Sunday, November 20, 2011

Sincerity and Service

Currently in my Obstetrics and Gynecology rotation at QMMC, I am a witness to the continuous decline in the luster of hope for our country. In each duty, no doubt almost 50 patients give birth to either healthy or unhealthy babies. Many say that the youth is the new hope for our country. Looking into the process of bringing hope to our tired motherland, it is a process anyone would not want to witness. A maximum of 20 mothers undergo labor all at the same time in one room, with 2 pregnant women sharing a bed. The stench of a woman's vaginal secretions and feces emanates from the room. Being only dressed in their gowns, their private areas are exposed for the whole world to see. Inside, it seems like a zoo where a number of mammals are trying to give birth. Many complain of the pain - then ask them, why did you then get pregnant? Such question speaks of how uneducated many Filipinos are. The lack of knowledge on the process of bringing life and how delicate it is seems to be missing in the lustful process of making it.

Such an ugly picture that I have illustrated right? But that is the reality. As one doctor told me, we are exposed to both worlds: ideal vs reality. However, shouldn't we aim for idealism in any institution? Are we just content with inefficiency, ineffectiveness and pain? The sincerity of service in the health sector appears fake in text and in teaching. How healthcare providers treat their patients speaks for itself. On the other hand, no one can blame such attitude given the stubborn patients that we get. Then, who should be blamed for such disparity? Everyone. It just takes one to make a change. We tried and were appreciated by our patients. But does it work? That I cannot still answer. The growing population stems from 16-year old girls giving birth and multiparous mothers who never quite understood the consequences of a large family.
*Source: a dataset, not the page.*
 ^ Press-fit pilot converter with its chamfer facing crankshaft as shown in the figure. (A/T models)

Frustrating.

From the patient, we go into the realm of the healthcare practitioners. In order to provide proper healthcare, we need materials - needles, gauze, tubes and the like. It is like a scavenger hunt every time blood should be extracted or change of dressing should be done. Endless donations breed learned helplessness on the side of the patients. I have noticed how Filipinos lack the will to improve themselves continuously. The attitude of contentment with simplicity seems to be wrongly construed. Again, another frustrating fact. No efficient system was ever developed to hasten processing of laboratories, OR scheduling and other requests. Going in and out of the room and dressing up again wastes time and energy. Yes, you will learn skills but are these the correct ones?
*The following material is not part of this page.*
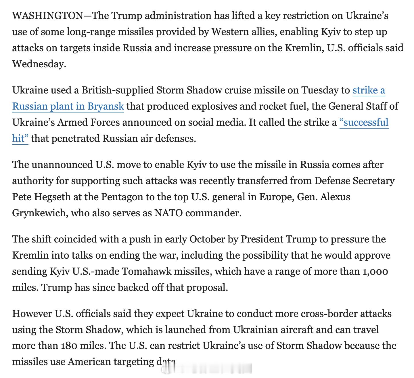 WSJ: 川普政府已解除对乌克兰使用部分由西方盟友提供的远程导弹的关键限制,使乌克兰能够加大对俄罗斯境内目标的攻击力度,以此对俄罗斯施压。

Guided-teaching seems not to be the thrust in Philippine medical practice. You are left on your own, figure things out on the spot given the current problem that is facing you and swallow up that fear you are about to feel. Misaligned expectations bring about frustration among the team members, creating misconceptions of each other. A student is expected to be knowledgeable of being a first assist in a CS case on her first try. There are no excuses for being slow or ignorant - or else you will be judged by the audience. Other healthcare workers smirk or laugh at your mistakes, bring you down and raise an eyebrow whenever you ask for help. Yes, that is the service they have sworn in their own oaths. This is the kind of service and camaraderie the Philippines is capable of.
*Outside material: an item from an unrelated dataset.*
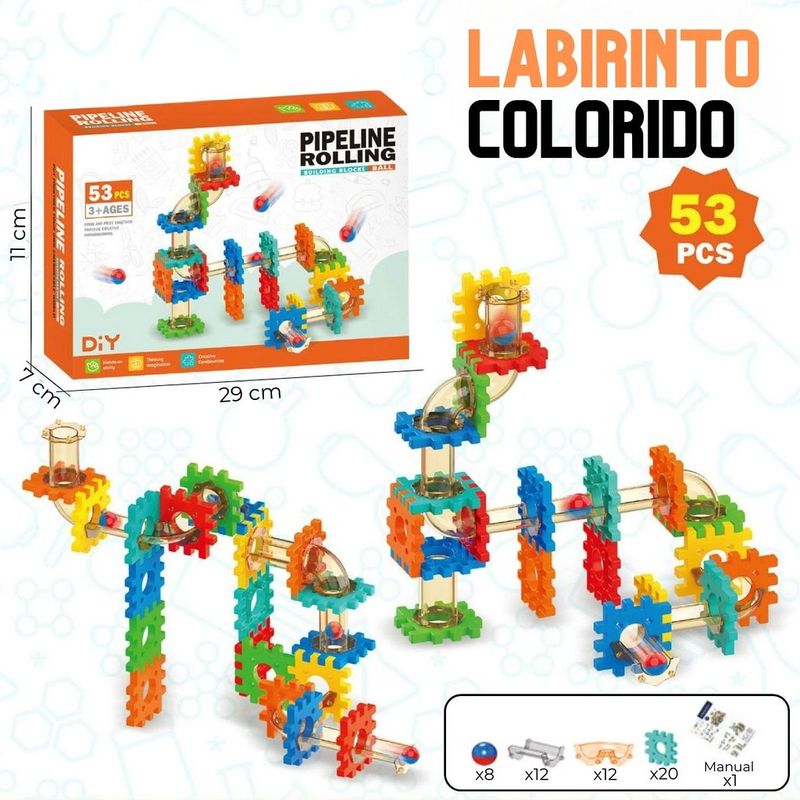 É um conjunto de 53 peças onde pode ser montado cada vez um curcuito novo pra bolinha percorrer e encantar as crianças!

All of what I have written is irritating and ugly. Yes, many would say that I should not write this especially on the net, but this is the truth - the accepted reality so it seems by many. A number of students have passed by this hospital, yet improvement appears to be stagnant. Many have lost to look farther into the horizon and venture into new paths.

As a future doctor, one should ask the following questions: 1) Are you sincere in providing service to these kinds of patients?; 2) Are you satisfied with the kind of service that you provide?; 3) Would you say that you take part in the process of grooming future physicians who are better?; 4) Would you say that you care enough to the point of doing more? and 5) Do you think your kind of service is what the patient expects of you?

Wanting to be a doctor is easy. But being a sincere one is the most difficult task one would ever do. Skills can be taught but the matters of the heart are learned through time.